To identify transcriptional regulators that directly target these AREG enhancers, we compared our ChIP-seq data with published datasets using ChIP-Atlas (http://chip-atlas.org/) (25). The RE sites showed high enrichment of c-JUN, c-FOS, YAP1 and TEAD proteins in various AREG-expressing cells (Figure 3D and Supplementary Table S4). In addition, BRG1/SMARCA4, p300 and MLL4/KMT2D were significantly co-localized in the RE enhancers.

We then examined the contribution of these RE-associated factors to AREG induction by TFAM depletion. Under TFAM-KD, the inhibition of c-JUN, YAP1 or TEAD1 resulted in the reduction of AREG at both the RNA and protein levels (Figure 3E and Supplementary Figure S3D), indicating that these transcription factors promoted AREG induction. In contrast, the loss of BRG1 upregulated AREG expression (Figure 3F and Supplementary Figure S3D,E), indicating that this ATP-dependent chromatin remodeler suppressed AREG expression. Since BRG1 was decreased under TFAM-KD (Supplementary Figure S3F), in parallel with a decline in intracellular ATP (Supplementary Figure S1C), BRG1 activity might have been suppressed by mitochondrial dysfunction. Collectively, these results indicate that AREG expression is induced by dynamic activities of positive and negative regulators under mitochondrial stress.

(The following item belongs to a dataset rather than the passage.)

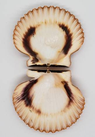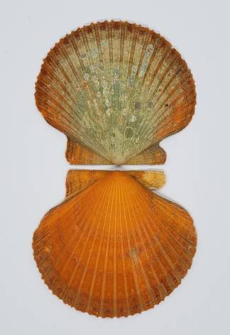 One very nice specimen of the only pectinid species found in northern Chile: Argopecten purpuratus. This one is a very rare color variety: Orange! From about 400 normal color ones you can get one orange specimen, so very hard to obtain.
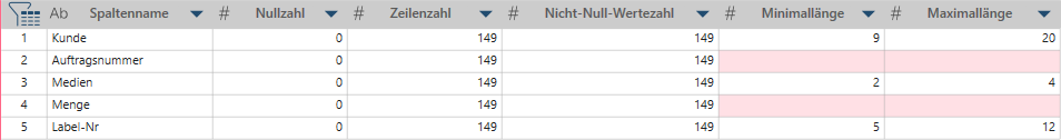 Standardmäßig werden Statistiktabellen entsprechend folgender Konvention benannt: <Tabellenname> - Statistiken <Zeitstempel>. Statistiktabellen, die anschließend von der selben Tabelle mit dem selben Zeitstempel erstellt werden, werden zusätzlich mit 1, 2, 3, etc. benannt. Diese Tabellen können später nach Belieben umbenannt werden.

c-JUN is upregulated by mitochondrial stress and directly promotes AREG expression

We next sought to gain mechanistic insights into how mitochondrial stress-responsive AREG enhancers are regulated. Among the factors involved in the upregulation of AREG genes, we first focused on c-JUN, since c-JUN expression was dramatically induced under TFAM-KD (Figure 1C), and all three RE enhancers contains the consensus motif for AP1 complex (c-FOS/c-JUN) (Supplementary Table S5). We found that phosphorylated c-JUN (p-c-JUN) at Ser73, a functionally active form of this protein (35,48–50), was increased in the nuclear fraction of the TFAM-KD cells (Figure 4A). Phosphorylated c-JUN was also increased in TFAM-depleted HeLa or IMR90 cells and in oligomycin-treated HepG2 cells (Supplementary Figure S4A). Consistently, p-c-JUN abundantly bound to the RE enhancers under TFAM inhibition, indicating its dynamic participation in the mitochondrial stress response (Figure 4B). To further test the involvement of c-JUN in AREG expression, we introduced a lentiviral vector to force c-JUN expression (Figure 4C). Interestingly, c-JUN overexpression strongly induced AREG expression (Figure 4D). Under these conditions, we observed no evident cell damage (Supplementary Figure S4B), or no changes in the expression of TFAM and mtDNA-coded genes such as cytochrome c oxidase subunit 1 (CO1), NADH dehydrogenase 1 (ND1) and NADH dehydrogenase 6 (ND6), or in the relative copy numbers of mtDNAs (Supplementary Figure S4C). Interestingly, the use of the JNK inhibitor, SP600125, did not significantly inhibit c-JUN phosphorylation and AREG induction under the TFAM-KD (Supplementary Figure S4D) (see the Discussion). These results suggest that mitochondrial dysfunction upregulates c-JUN, which in turn strongly enhance AREG expression.

Figure 4.

Figure 4.

c-JUN and activated YAP1/TEAD1 induce AREG expression under mitochondrial stress. (A) Western blot analysis of c-JUN and p-c-JUN (phosphorylated c-JUN at Ser73) in cytoplasmic and nuclear fractions from HepG2 cells (control and TFAM-KD for 72 h). (B) ChIP-qPCR analysis of p-c-JUN at RE sites in the AREG gene region. Control and TFAM-KD cells for 72 h were tested (n = 3). Transcription start sites (TSSs) of AREG and JUN genes were used as negative and positive controls, respectively (left). Data are represented as mean ± SD. ** P < 0.01. Based on Supplementary Table S5, fold difference bars indicate the relative enrichments of p-c-JUN for the three REs (TFAM-KD vs. control-KD) on a log2 scale (right). (C) Overexpression of c-JUN using lentivirus gene transfer and blasticidin S selection in HepG2 cells. Representative images of mock and c-JUN-expressing virus infected cells (day 7) (Supplementary Figure S4B). (D) Expression of c-JUN and AREG in c-JUN overexpressing cells (n = 3); ** P < 0.01, *P< 0.05. (E) Western blot analysis of YAP1, TAZ, and TEAD1 in cytoplasmic and nuclear fractions from HepG2 cells (control and TFAM-KD for 72 h). (F, G) ChIP-qPCR analysis of YAP1 (F) and TEAD1 (G) at RE sites in the AREG gene region. Control and TFAM-KD cells for 72 h were tested (n = 3). TSS of AREG gene and other sites were used as negative controls (left). Data are represented as mean ± SD. **P < 0.01. Based on Supplementary Table S5, fold difference bars indicate the relative enrichments of YAP1 and TEAD1 at RE2/3 enhancers (TFAM-KD versus control-KD) on a log2 scale (right). (H) RT-qPCR analysis of AReG mRNA; n = 3, **P < 0.01, *P < 0.05.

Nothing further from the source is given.